### Data supplied
::::::

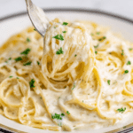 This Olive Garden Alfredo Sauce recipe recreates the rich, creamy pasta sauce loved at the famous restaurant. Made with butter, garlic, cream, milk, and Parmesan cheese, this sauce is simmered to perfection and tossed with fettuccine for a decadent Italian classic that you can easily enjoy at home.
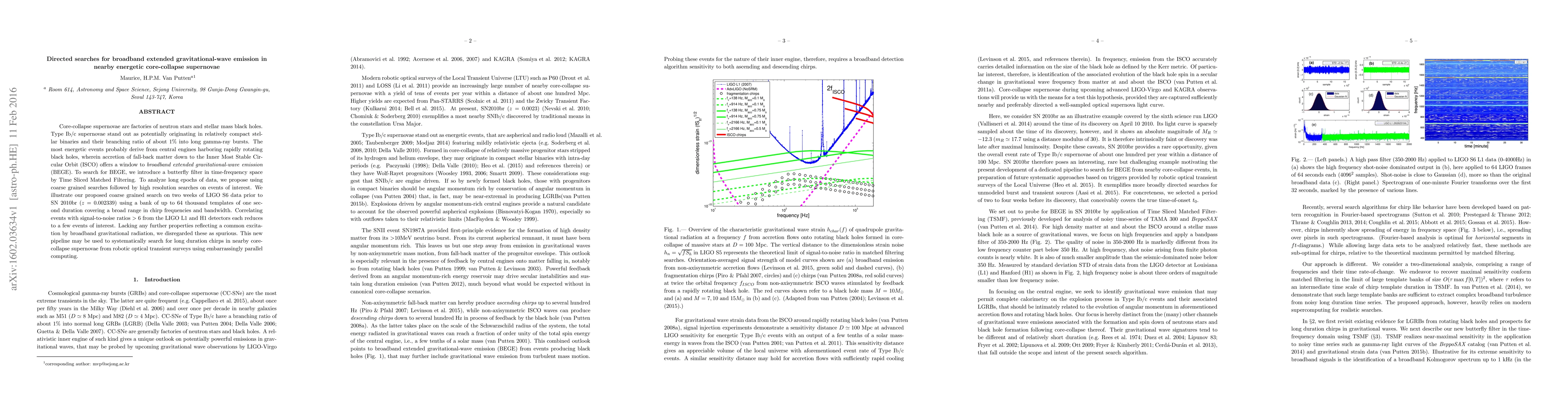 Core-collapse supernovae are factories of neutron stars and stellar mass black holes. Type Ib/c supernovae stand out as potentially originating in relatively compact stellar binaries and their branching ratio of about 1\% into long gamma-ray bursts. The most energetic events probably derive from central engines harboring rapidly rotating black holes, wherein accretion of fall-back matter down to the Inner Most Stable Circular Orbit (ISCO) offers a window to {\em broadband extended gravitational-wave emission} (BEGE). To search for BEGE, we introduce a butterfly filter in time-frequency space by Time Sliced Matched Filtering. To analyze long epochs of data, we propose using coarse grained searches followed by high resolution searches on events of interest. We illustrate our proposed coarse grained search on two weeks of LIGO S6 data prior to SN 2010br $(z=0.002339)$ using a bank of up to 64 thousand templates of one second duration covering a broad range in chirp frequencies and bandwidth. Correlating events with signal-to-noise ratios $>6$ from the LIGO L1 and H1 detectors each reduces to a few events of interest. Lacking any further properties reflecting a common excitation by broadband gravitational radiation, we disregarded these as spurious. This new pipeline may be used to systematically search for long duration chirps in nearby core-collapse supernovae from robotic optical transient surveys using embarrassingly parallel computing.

::::::

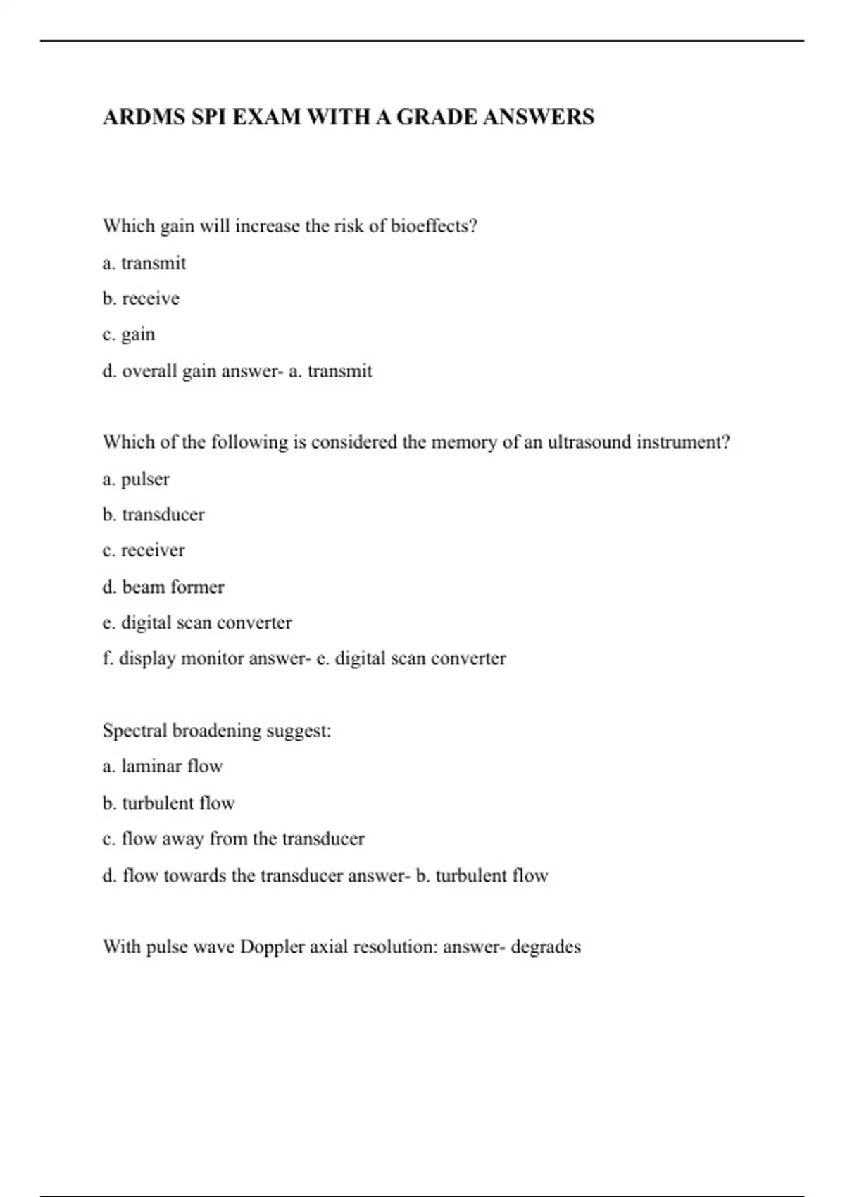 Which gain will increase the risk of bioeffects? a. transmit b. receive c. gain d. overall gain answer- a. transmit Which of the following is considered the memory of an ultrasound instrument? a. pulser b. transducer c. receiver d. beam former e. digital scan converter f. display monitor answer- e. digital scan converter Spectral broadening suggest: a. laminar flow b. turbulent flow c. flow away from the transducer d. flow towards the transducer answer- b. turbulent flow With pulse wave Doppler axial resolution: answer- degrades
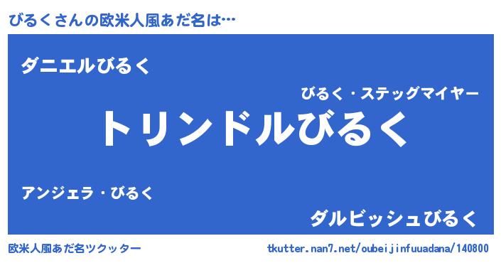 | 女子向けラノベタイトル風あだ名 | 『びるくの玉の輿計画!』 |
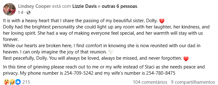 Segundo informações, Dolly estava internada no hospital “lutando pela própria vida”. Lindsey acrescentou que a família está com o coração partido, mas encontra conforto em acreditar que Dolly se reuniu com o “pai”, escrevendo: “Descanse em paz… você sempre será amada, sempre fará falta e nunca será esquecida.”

::::::

### Your objective
Every line above between the one containing "This Olive Garden" and the one containing "Core-collapse supernovae are", those two included, is to be printed exactly. No pictures go into the copy.

### Answer to this task
 This Olive Garden Alfredo Sauce recipe recreates the rich, creamy pasta sauce loved at the famous restaurant. Made with butter, garlic, cream, milk, and Parmesan cheese, this sauce is simmered to perfection and tossed with fettuccine for a decadent Italian classic that you can easily enjoy at home.
 Core-collapse supernovae are factories of neutron stars and stellar mass black holes. Type Ib/c supernovae stand out as potentially originating in relatively compact stellar binaries and their branching ratio of about 1\% into long gamma-ray bursts. The most energetic events probably derive from central engines harboring rapidly rotating black holes, wherein accretion of fall-back matter down to the Inner Most Stable Circular Orbit (ISCO) offers a window to {\em broadband extended gravitational-wave emission} (BEGE). To search for BEGE, we introduce a butterfly filter in time-frequency space by Time Sliced Matched Filtering. To analyze long epochs of data, we propose using coarse grained searches followed by high resolution searches on events of interest. We illustrate our proposed coarse grained search on two weeks of LIGO S6 data prior to SN 2010br $(z=0.002339)$ using a bank of up to 64 thousand templates of one second duration covering a broad range in chirp frequencies and bandwidth. Correlating events with signal-to-noise ratios $>6$ from the LIGO L1 and H1 detectors each reduces to a few events of interest. Lacking any further properties reflecting a common excitation by broadband gravitational radiation, we disregarded these as spurious. This new pipeline may be used to systematically search for long duration chirps in nearby core-collapse supernovae from robotic optical transient surveys using embarrassingly parallel computing.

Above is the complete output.